A comprehensive study of bandit algorithms robust to adversarial attacks.

摘要

This paper investigates stochastic multi-armed bandit algorithms that are robust to adversarial attacks, where an attacker can first observe the learner's action and *then* alter their reward observation. We study two cases of this model, with or without the knowledge of an attack budget $C$, defined as an upper bound of the summation of the difference between the actual and altered rewards. For both cases, we devise two types of algorithms with regret bounds having additive or multiplicative $C$ dependence terms. For the known attack budget case, we prove our algorithms achieve the regret bound of ${O}((K/\Delta)\log T + KC)$ and $\tilde{O}(\sqrt{KTC})$ for the additive and multiplicative $C$ terms, respectively, where $K$ is the number of arms, $T$ is the time horizon, $\Delta$ is the gap between the expected rewards of the optimal arm and the second-best arm, and $\tilde{O}$ hides the logarithmic factors. For the unknown case, we prove our algorithms achieve the regret bound of $\tilde{O}(\sqrt{KT} + KC^2)$ and $\tilde{O}(KC\sqrt{T})$ for the additive and multiplicative $C$ terms, respectively. In addition to these upper bound results, we provide several lower bounds showing the tightness of our bounds and the optimality of our algorithms. These results delineate an intrinsic separation between the bandits with attacks and corruption models.
关键词
Robust AlgorithmsMulti-armed BanditsAdversarial Attacks

评审与讨论

审稿意见
6

This paper studies stochastic bandit algorithms which are robust to adversarial attacks under a strong adversary that can see the observed arm before attacking.
The paper considers settings with unknown budget cost or known budget cost CC. In the known budget case, they provide a gap dependent ((Kδ)logT+KC))((\frac{K}{\delta}) \log T + KC)) upper bound that matches the lower bound. They also give gap-independent extensions with upper bounds of O~(KTC)\tilde{O}(\sqrt{KTC}) or O~(KT+KC)\tilde{O}(\sqrt{KT} + KC) bound.

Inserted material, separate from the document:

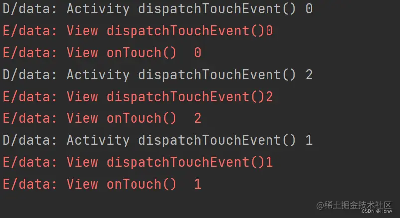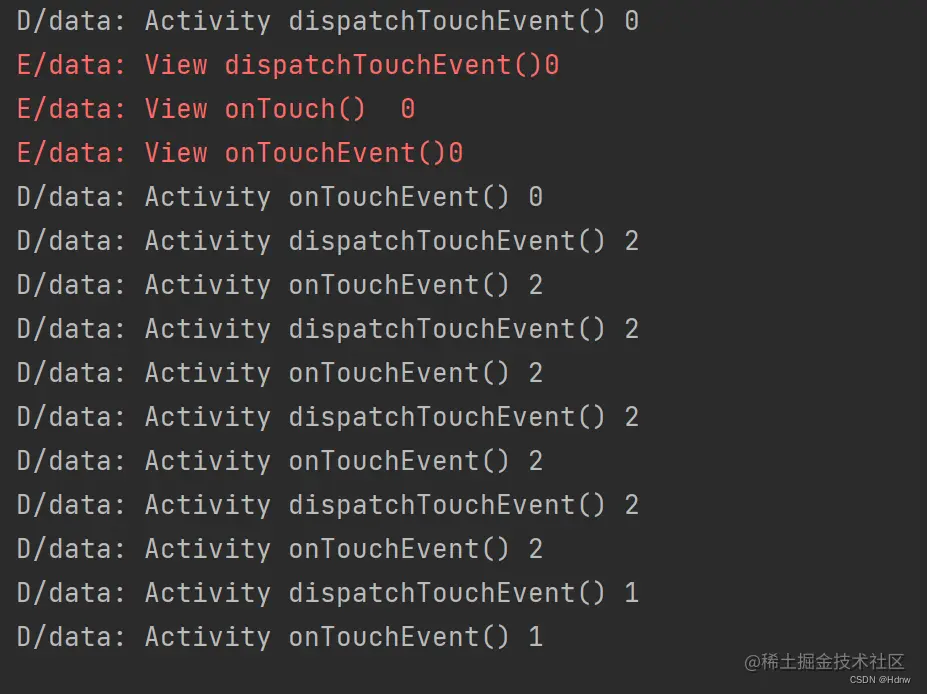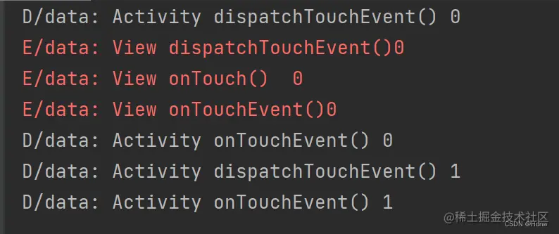 最终都是View消费了点击事件, 并且可以看出OnTouchListener中的onTouch()事件优先级高于onTouchEvent()事件,如果onTocuh()的返回结果为ture,那么该View的onTouchEvent()事件将不会被调用。

For the unknown case, they show two stopping criteria-based algorithms, one with an additive dependence in C: O(KT+KC2)O(\sqrt{KT} + KC^2). They show an algorithm that gets O(Tα)O(T^\alpha) regret without corruptions, must have at least O(Tα+Cβ)O(T^\alpha + C^\beta) regret for β1α\beta \geq \frac{1}{\alpha}, thus this upper bound matches this lower bounds in exponents of CC (given that it has T\sqrt{T} dependence without CC). Similarly, they give algorithms with multiplicative dependence on CC for the regret, that is O~(KCT23)\tilde{O}(\sqrt{KC}T^{\frac{2}{3}}) or O~(KCT)\tilde{O}(KC\sqrt{T}).

The paper also provides experimental evidence showing the effectiveness of their algorithms against the attack strategies developed by Jun et al. 2018 comparing it will other corruption-robust MAB algorithms studies in the literature.

优点

  1. The paper differentiates between attack and corruption models of manipulating multi-armed bandits. It provides insights into the difference between corruption and attacks in terms of the required corruption/attack budget and thus the increased difficulty in preventing attacks compared to corruption.

  2. For the successive elimination algorithm SE-WR with increased confidence, also used in Lykouris et al. (2018), the paper shows a tighter regret bound, by better analysis of the concentration results which leads to O(KC)O(KC) term instead of a gap dependent term in Lykouris et al. (2018).

  3. The authors also give a gap-independent bound for SE-WR and extend the SE-WR algorithm to work in the unknown attack budget settings. They also provide an analysis of the resulting algorithms.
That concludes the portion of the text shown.